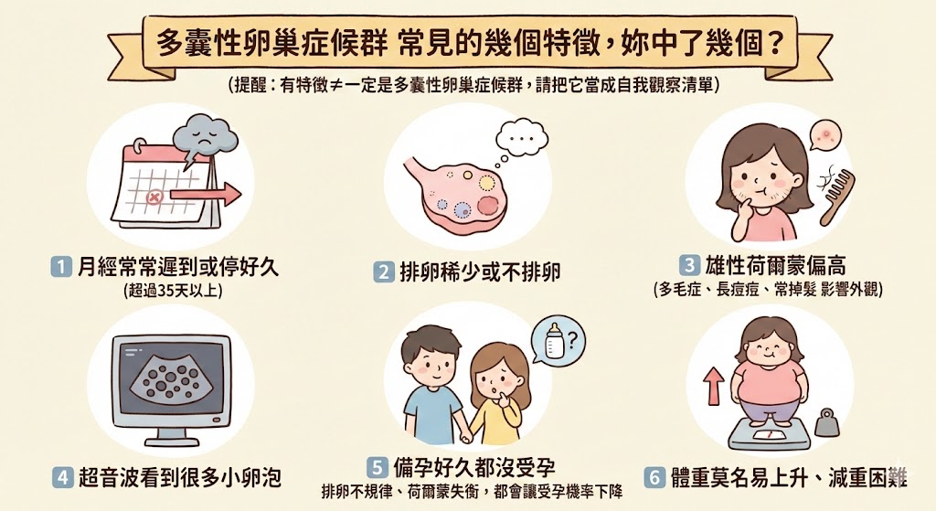 (提醒:有特徵≠一定是多囊性卵巢症候群,請把它當成自我觀察清單)
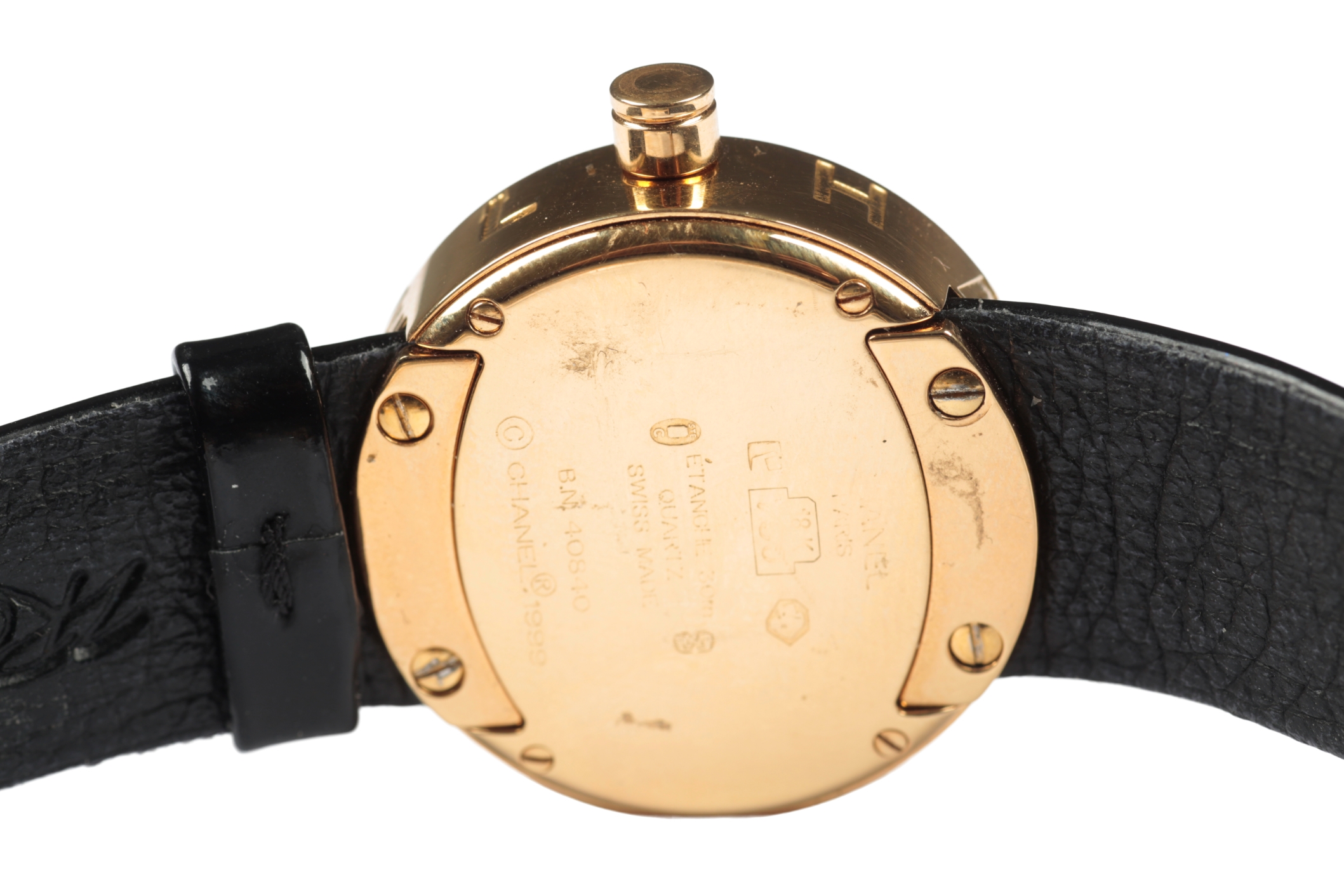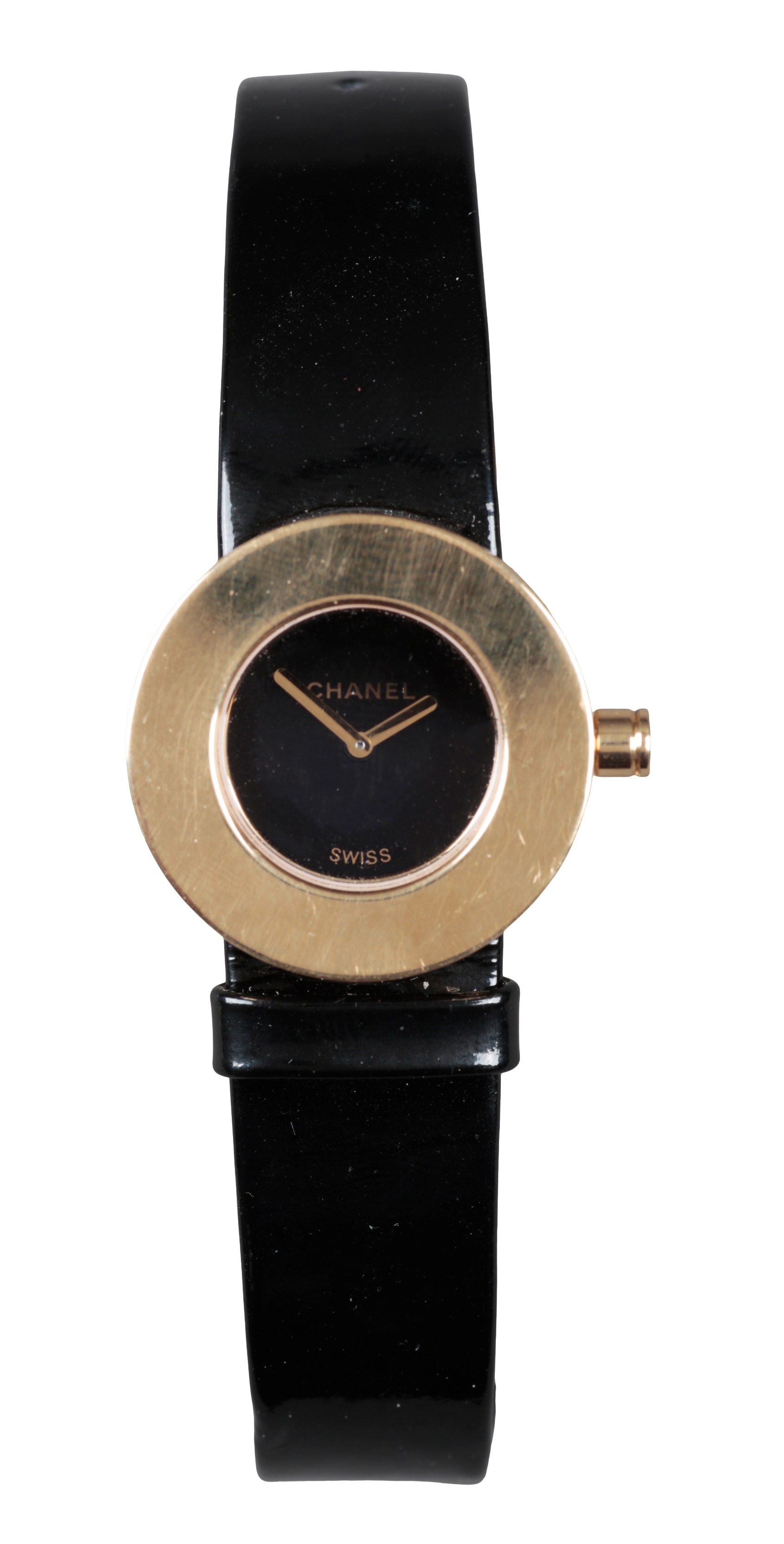 with quartz movement, black dial, gold hands, on a black leather strap, with deployment clasp, case diameter approx. 30mm
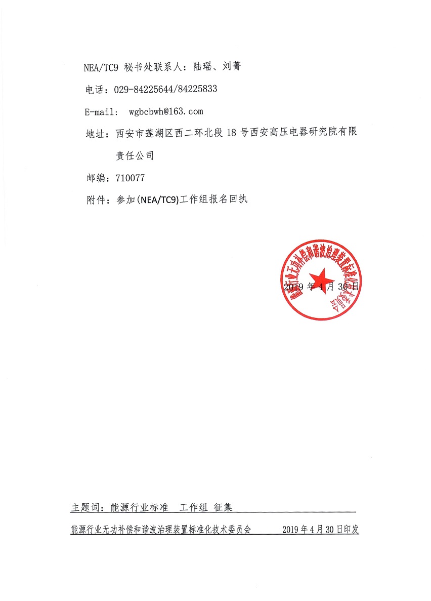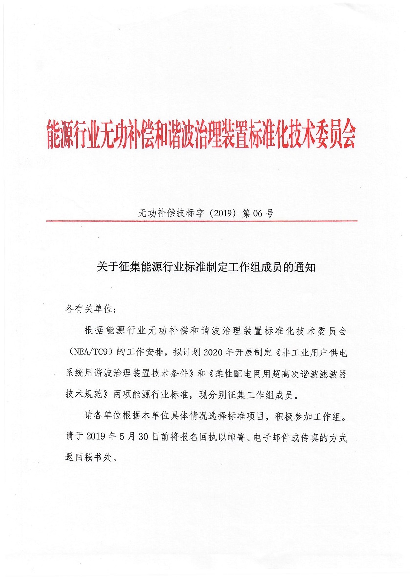 无功技标字8号——关于征集TC9能源行业标准申报项目的通知

#### Activity:
Without copying any picture, repeat the full listing above word for word.

#### Output for this exercise:
 (提醒:有特徵≠一定是多囊性卵巢症候群,請把它當成自我觀察清單)
 with quartz movement, black dial, gold hands, on a black leather strap, with deployment clasp, case diameter approx. 30mm
 无功技标字8号——关于征集TC9能源行业标准申报项目的通知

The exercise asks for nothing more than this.